After publishing of his neuroanalysis, Santiago started writing a new book on Psichosisanalysis: dealing with the psychodynamic, genetics and neurochemistry of the pathogenesis of schizophrenics. He introduced part of his book in lectures in the Associação Médica de Minas Gerais (“Medical Association of Minas Gerais”) and the Academia Mineira de Medicina(“ Medicine Academy of Minas Gerais”,.[2] In both these institutions he also gave lectures on the Cosmic Origin of the Biological Rhythms and Creativity and Unconscious of Carl Gustav Young.

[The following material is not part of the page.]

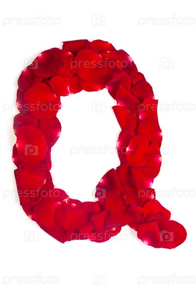 Буква Q из красных листьев роз

In the 15 years prior to his death he work and wrote hard and extensively, and left both in Portuguese and English final digitized manuscripts which unfortunately he was unable to see published. In one of them, Violence Origin(1993) he proposed new approach and discussed many issues particularly those of Fromm, Toynbee, and Young related to the matter. Violence Origin was sent to several institutions including to the United Nations Organization in New York but he never got any answer from UNO.
Another tract of Santiago personality was that by influence of his wife Ariadne, who was an artist painter, he acquired a deep interest in the arts. This was also enhanced, because he for a time hosted in his home the famous painter Alberto da Veiga Guignard, who had a feeble healthy condition. Santiago became his voluntary private doctor. Guignard owes his life—and much of his present success to the dedicated Santiago Americano Freire, who nursed him back to health from a nearly fatal case of the diabetes failure. He also arranged that Guinard got a state pension of $100 a month; further Santiago provided most of his exhibitions. In one year alone Guignard sold more than 100 of his paintings.
As a result, Santiago became a painter himself. He was also a close friends of Brazilian artists such as Inimá de Paula. Thus Santiago left many pictures of his authorship some of which after his death went into auction.[3]
In addition, he wrote a master piece “Harmonia cósmica na pintura de Leonardo (da Vinci), (Cosmic Harmony in the paintings of Leonardo), a well illustrated book also published, in 1965, by UFGM Printing House. This work was sent to most relevant libraries in Brazil and abroad. In this work, he maintains that Leonardo, before painting his pictures, used to draw a series of geometrical figures in order to get a harmonic balance between his work and the numbers that can be found in the geometry of the known universe of his epoch, that is the solar system.
Santiago found Leonardo’s pentagon structure whose circles on which the pentagon is supported obey a geometric progression which correspond to the orbits of planets of the solar system. Santiago deduced the mathematical expression of that and the stereo perspective which he called the “Mathematics Philosophy in Leonardo’s work”. Thus “Santiago’s Leonardo” contributed with many other published works by many authors of different countries, to unveil the mysteries which involve the life of this great genius of the Renaissance period. Besides Santiago’s discoveries allowed him to transfer to his own canvas this cosmic harmony.
Santiago also had a profound interest in Physics and Cosmology. He wrote in 1970 The quantic field structure theory, published, in 1970 by UFGM Printing House, where he deals with these complex matters.